To address the issues of limited Energy Storage System (ESS) locations and the flexibility unevenly distributed in the large-scale power grid planning, this paper introduces the Dynamic Programming (DP) theory into flexibility planning, and proposes a DP-based ESS siting and sizing method. This method reduces the computational complexity of siting and sizing to ensure a sufficient number of ESSs allocated. It provides each partitioning area with a certain degree of flexible ramping capability so that the flexibility is evenly distributed in the large-scale grid.

The proposed method starts with a high-voltage pruning partition algorithm to hierarchically partition the large-scale grid, with the partitioning outcomes serving to divide the various DP stages. Then a state transition equation is established with the ESS rated power as the state variable, considering all nodes which satisfy the voltage level requirements as potential ESS sites to ensure a sufficient number of locations. Following this, a DP basic equation is formulated with the ESS capacity as the decision variable, setting flexibility constraints for all partitioning areas to achieve an even distribution of grid flexibility. By combining the state transition equation and the DP basic equation, the proposed method culminates in the energy storage allocation dynamic programming model, which determines the optimal locations, capacities, and rated powers of ESSs, along with the construction cost.

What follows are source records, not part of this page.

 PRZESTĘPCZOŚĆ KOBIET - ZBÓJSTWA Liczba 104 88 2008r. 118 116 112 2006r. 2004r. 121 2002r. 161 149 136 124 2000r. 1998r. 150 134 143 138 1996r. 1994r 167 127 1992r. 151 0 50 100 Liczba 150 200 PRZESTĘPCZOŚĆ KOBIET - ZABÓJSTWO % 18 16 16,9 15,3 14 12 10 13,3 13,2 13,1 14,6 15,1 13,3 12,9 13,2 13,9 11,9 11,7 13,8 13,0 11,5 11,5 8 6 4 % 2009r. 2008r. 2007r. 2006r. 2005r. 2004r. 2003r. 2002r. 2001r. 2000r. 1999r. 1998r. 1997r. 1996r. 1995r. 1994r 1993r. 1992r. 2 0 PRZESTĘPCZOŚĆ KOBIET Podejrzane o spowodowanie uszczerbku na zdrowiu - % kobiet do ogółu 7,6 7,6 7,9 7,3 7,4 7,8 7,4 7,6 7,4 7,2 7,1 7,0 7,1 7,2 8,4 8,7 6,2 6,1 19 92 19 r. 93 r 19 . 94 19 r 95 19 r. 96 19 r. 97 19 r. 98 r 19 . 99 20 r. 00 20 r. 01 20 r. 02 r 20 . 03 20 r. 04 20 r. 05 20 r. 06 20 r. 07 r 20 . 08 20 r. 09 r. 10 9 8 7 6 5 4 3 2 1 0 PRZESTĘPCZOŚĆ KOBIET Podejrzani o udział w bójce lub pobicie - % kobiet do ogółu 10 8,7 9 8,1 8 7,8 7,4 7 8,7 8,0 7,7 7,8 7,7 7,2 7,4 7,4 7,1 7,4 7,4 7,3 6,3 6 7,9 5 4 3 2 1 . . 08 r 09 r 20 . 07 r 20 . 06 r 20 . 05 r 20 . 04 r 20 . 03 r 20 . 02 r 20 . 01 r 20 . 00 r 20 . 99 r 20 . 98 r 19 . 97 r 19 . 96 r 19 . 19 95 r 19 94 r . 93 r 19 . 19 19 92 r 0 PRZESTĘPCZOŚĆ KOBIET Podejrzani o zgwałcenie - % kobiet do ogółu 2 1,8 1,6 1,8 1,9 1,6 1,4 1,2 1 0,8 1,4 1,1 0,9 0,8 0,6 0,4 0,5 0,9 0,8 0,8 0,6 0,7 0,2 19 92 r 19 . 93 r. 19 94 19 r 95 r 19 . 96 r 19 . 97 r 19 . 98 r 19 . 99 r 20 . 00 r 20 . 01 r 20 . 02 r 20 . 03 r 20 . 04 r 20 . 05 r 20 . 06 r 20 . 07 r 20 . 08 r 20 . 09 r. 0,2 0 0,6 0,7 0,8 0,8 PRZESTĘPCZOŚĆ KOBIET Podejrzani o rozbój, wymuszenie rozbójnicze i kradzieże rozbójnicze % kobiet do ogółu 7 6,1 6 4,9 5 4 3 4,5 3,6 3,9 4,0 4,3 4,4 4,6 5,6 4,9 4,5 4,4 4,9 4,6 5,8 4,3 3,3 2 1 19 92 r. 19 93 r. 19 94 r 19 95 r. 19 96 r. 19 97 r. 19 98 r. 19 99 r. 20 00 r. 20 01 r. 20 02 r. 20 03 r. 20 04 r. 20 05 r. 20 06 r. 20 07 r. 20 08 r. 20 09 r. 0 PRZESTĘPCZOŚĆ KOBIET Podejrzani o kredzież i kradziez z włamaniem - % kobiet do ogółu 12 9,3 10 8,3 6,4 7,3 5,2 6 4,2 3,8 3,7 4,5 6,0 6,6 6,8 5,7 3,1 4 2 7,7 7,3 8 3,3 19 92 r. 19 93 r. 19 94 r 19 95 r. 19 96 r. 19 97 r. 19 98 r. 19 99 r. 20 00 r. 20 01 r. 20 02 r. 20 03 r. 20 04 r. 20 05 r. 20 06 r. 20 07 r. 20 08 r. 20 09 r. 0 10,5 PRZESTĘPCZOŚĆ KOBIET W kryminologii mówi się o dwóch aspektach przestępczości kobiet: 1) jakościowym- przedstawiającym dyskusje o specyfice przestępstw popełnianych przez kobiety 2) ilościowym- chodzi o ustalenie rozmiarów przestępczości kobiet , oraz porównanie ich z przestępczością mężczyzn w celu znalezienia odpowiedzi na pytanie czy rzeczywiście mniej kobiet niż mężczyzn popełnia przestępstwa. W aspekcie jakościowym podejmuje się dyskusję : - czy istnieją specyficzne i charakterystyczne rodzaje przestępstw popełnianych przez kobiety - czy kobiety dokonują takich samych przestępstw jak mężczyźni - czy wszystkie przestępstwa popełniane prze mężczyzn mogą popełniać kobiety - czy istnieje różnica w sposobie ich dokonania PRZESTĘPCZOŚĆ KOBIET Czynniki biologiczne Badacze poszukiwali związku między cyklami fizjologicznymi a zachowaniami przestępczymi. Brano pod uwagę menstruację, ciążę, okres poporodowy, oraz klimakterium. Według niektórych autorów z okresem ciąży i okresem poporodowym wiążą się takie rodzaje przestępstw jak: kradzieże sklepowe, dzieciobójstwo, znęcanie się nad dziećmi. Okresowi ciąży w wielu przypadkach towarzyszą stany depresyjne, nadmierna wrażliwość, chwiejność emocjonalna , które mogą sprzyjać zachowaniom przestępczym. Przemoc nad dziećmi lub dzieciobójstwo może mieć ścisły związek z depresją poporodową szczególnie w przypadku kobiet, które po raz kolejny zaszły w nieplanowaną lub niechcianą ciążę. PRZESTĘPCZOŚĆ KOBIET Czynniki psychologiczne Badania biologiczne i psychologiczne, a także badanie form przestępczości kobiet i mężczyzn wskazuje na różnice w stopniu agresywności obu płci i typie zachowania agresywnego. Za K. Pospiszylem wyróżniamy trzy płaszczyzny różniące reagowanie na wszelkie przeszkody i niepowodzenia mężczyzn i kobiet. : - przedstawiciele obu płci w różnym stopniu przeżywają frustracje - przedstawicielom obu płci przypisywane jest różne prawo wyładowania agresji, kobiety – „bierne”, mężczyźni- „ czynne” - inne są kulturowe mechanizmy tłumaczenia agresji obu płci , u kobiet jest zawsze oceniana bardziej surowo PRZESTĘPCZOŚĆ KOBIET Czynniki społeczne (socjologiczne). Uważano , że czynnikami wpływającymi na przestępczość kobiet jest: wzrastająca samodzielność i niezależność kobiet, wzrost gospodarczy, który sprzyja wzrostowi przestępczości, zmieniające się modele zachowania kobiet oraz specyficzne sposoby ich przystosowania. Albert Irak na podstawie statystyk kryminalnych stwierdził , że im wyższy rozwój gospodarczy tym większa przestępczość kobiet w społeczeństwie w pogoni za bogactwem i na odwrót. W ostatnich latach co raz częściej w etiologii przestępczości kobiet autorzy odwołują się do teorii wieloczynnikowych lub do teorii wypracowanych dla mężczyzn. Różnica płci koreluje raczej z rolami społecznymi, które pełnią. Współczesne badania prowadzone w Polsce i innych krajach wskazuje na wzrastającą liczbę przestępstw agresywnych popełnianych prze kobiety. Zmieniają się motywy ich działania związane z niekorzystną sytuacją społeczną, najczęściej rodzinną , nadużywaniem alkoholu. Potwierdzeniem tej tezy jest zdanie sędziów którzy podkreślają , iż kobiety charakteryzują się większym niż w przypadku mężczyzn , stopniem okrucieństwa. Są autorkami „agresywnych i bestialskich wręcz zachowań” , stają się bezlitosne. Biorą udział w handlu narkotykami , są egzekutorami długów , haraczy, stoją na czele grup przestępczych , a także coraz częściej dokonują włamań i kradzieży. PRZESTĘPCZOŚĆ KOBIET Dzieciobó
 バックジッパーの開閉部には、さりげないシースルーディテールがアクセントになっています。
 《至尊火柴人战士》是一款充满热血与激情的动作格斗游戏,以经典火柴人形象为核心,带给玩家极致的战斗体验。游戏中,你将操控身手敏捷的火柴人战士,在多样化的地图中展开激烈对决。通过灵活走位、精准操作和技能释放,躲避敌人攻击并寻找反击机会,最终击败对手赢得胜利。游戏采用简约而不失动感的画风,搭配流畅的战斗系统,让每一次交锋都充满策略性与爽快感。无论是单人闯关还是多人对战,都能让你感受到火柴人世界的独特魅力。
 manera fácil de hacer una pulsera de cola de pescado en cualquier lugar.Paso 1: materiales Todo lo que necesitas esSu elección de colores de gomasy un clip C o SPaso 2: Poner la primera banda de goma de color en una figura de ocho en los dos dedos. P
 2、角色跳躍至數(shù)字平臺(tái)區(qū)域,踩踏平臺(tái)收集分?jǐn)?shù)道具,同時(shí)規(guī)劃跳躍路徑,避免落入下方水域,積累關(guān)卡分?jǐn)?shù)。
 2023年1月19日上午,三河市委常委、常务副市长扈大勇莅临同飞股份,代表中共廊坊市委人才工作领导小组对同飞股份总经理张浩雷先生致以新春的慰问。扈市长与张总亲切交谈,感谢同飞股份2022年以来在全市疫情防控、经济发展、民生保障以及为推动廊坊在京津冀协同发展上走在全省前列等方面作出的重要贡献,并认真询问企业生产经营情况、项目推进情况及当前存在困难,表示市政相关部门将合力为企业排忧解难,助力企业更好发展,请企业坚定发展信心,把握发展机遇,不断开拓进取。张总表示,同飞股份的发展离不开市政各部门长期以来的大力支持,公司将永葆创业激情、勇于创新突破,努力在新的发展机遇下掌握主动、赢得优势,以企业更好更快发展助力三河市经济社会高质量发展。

This paper further explores the development of the Flexible Resource Allocation Intelligent Decision Software (FRAIDS) building upon the proposed method. Case analysis in an actual grid verifies that the calculations from FRAIDS significantly enhance the entire grid flexibility. Additionally, day-ahead dispatching results indicate that, following ESS allocation, net load fluctuates between 15,295.5 MW and 17,794.9 MW with the conventional method, compared to a more stable range of 16,309.8 MW to 17,417.4 MW with the proposed method. This shows that the proposed method effectively reduces net load fluctuations, thereby significantly alleviating flexible ramping pressure on thermal units.